When asked about current work being assigned overseas, nearly half of the companies we interviewed said they would hire engineers regardless of education level and would train them. Bachelor’s degrees in engineering weren’t mandatory prerequisites.
The vast majority of companies stated their intent to continue to outsource — and their expectation to outsource higher-level research and development to these countries. They indicated that for these advanced R&D jobs, they preferred Masters and PhD degree holders.
Our conclusion, based on these interviews and on engineering graduation data, was that though India may have enjoyed advantages in lower-end IT outsourcing, it was ill-equipped to benefit from the next wave of globalization, in which higher-end R&D and innovation would increasingly go offshore. It appeared that the country best positioned to become a global hub for R&D was China.
Next wave of globalization
In 2007–2008, we made several trips to India and China and met with the executives of dozens of multinational and domestic Indian companies, reviewing their R&D projects and operations. We learned that despite its low rates of postgraduate science and engineering graduation, India is rapidly becoming a global hub for R&D, with a momentum and scale similar to those it accomplished in IT services.

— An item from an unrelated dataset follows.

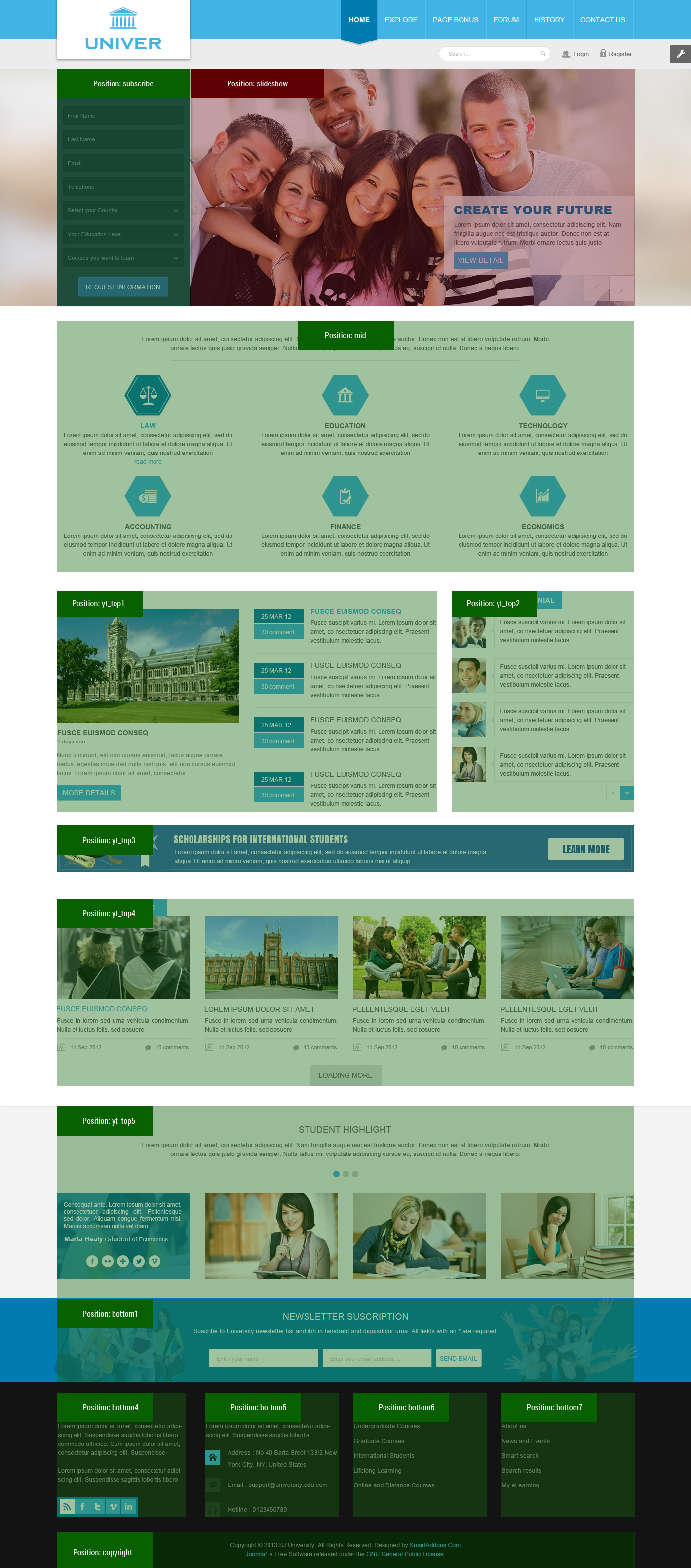 This Joomla! template supports a wide variety of module positions which can be archived automatically by the system.The module positions are fully collapsible mean that if there are no modules published in particular position, this module position will disappear and the other modules with take this place. Also you can have 2-Columns layout (content, left or right)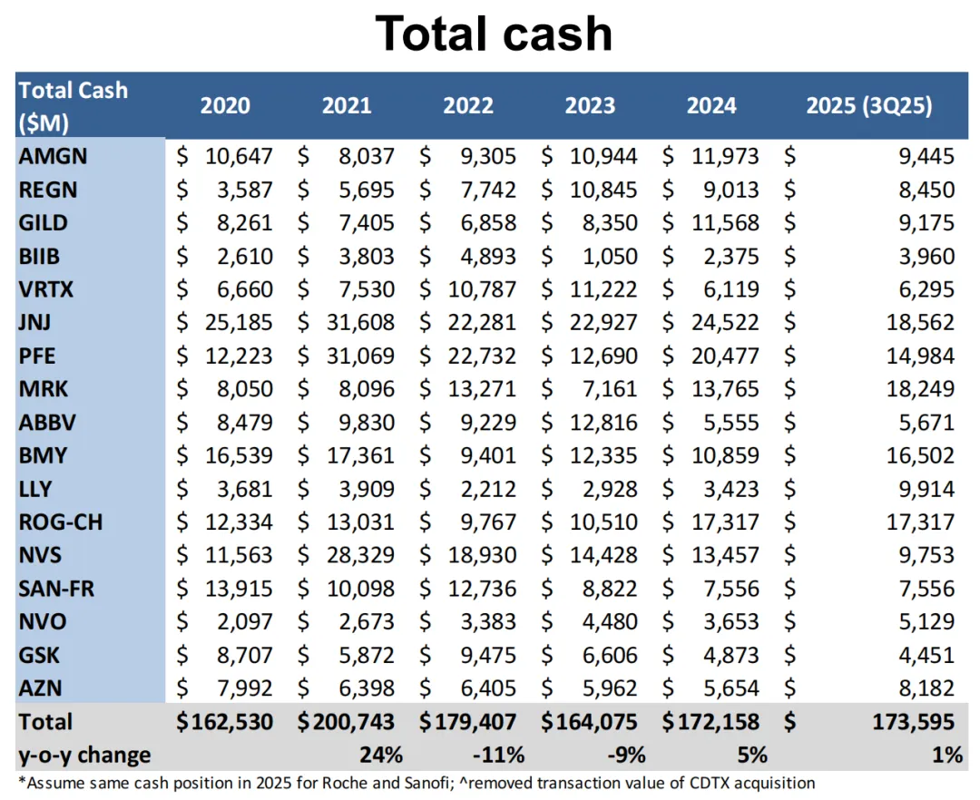 从各大MNC 2025Q3财报所呈现的购买力来看,巨额并购不存在购买力受限的问题,19家大型制药公司现金储备总额超过1700亿美元;再从自由现金流的角度,2025年前三季度产生了约1400亿美元的自由现金流,假设按行业保守的2.5倍杠杆计算,足以容纳数量不少的大规模并购交易。

In the aerospace industry, Indian companies are designing the interiors of luxury jets, in-flight entertainment systems, collision-control / navigation-control systems, fuel-inverting controls, and other key components of jetliners for American and European corporations. In pharmaceuticals, Indian scientists are discovering drugs and performing clinical research for nearly all of the largest multinational drug companies. In the automotive industry, Indian engineers are helping to design bodies, dashboards, and power trains for Detroit vehicle manufacturers — and soon may develop entirely outsourced passenger cars. In telecom and computer networking, Indians are developing next-generation solutions for tomorrow’s intelligent cities. Indian companies are also developing innovative solutions for the Indian marketplace, such as the $2,500 car produced by Tata.